▶ _What you have to do_:
Could you retype exactly the line containing "downstairs in the" and every line after it in the data below, leaving out the pictures?

▶ _Dataset section_:

# # # #

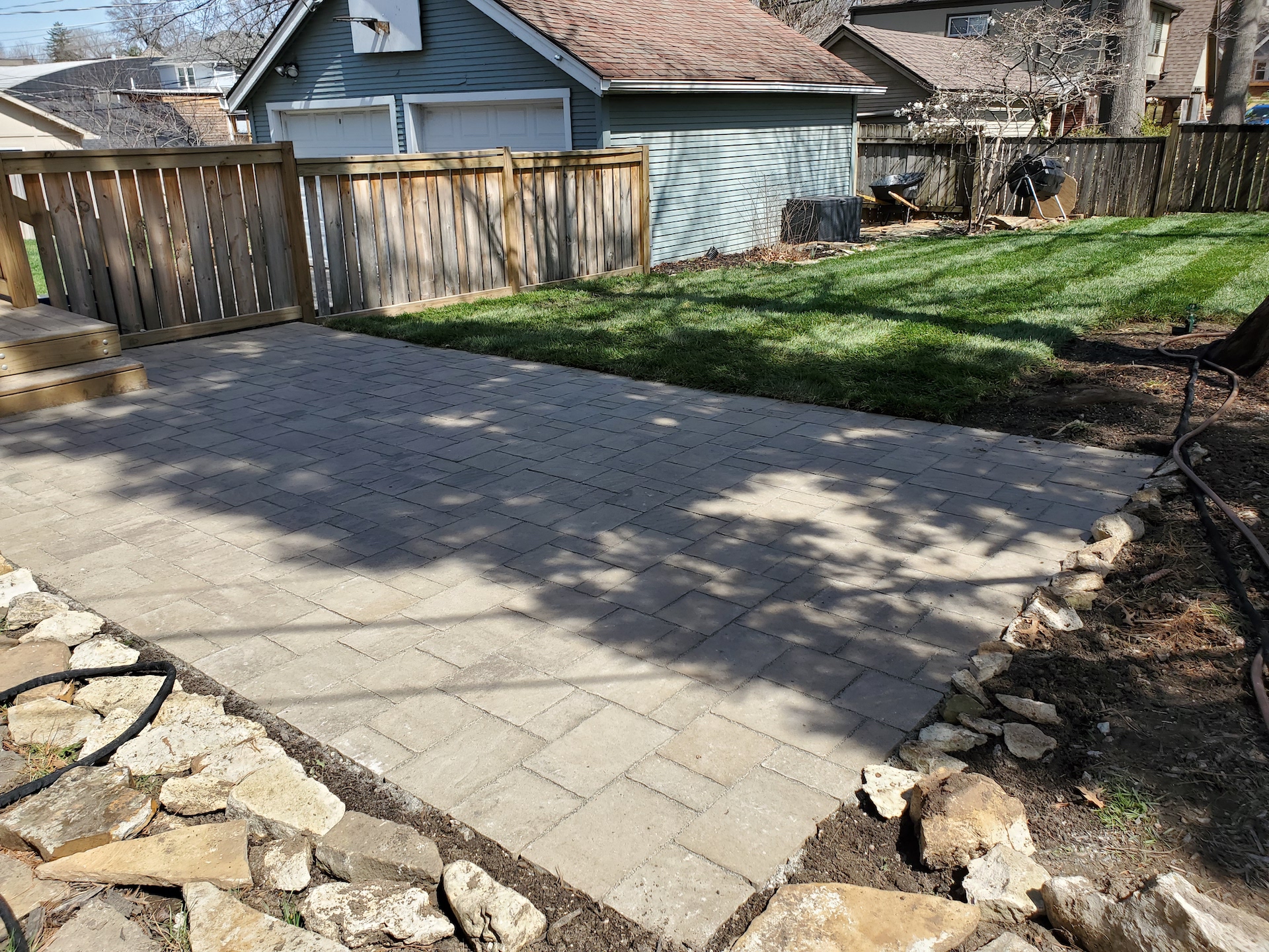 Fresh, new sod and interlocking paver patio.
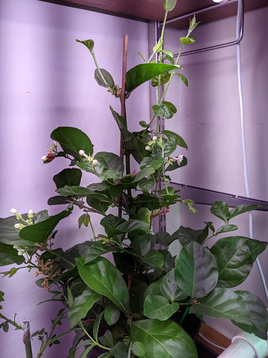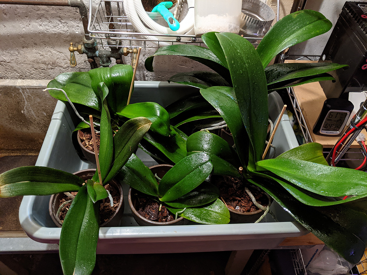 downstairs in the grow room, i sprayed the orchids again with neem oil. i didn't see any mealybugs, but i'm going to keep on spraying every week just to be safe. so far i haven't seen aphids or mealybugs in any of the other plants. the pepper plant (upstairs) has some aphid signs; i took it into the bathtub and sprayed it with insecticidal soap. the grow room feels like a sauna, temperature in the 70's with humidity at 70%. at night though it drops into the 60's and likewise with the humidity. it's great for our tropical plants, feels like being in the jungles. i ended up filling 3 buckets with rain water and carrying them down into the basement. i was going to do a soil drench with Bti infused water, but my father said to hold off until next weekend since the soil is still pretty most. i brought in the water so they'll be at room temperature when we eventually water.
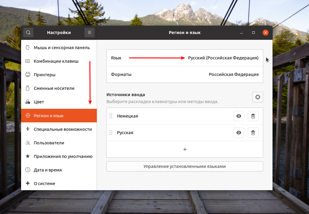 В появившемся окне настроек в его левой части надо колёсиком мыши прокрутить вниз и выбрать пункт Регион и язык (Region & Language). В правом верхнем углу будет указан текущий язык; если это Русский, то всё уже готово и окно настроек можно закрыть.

# # # #

▶ _Solution for this exercise_:
 downstairs in the grow room, i sprayed the orchids again with neem oil. i didn't see any mealybugs, but i'm going to keep on spraying every week just to be safe. so far i haven't seen aphids or mealybugs in any of the other plants. the pepper plant (upstairs) has some aphid signs; i took it into the bathtub and sprayed it with insecticidal soap. the grow room feels like a sauna, temperature in the 70's with humidity at 70%. at night though it drops into the 60's and likewise with the humidity. it's great for our tropical plants, feels like being in the jungles. i ended up filling 3 buckets with rain water and carrying them down into the basement. i was going to do a soil drench with Bti infused water, but my father said to hold off until next weekend since the soil is still pretty most. i brought in the water so they'll be at room temperature when we eventually water.
 В появившемся окне настроек в его левой части надо колёсиком мыши прокрутить вниз и выбрать пункт Регион и язык (Region & Language). В правом верхнем углу будет указан текущий язык; если это Русский, то всё уже готово и окно настроек можно закрыть.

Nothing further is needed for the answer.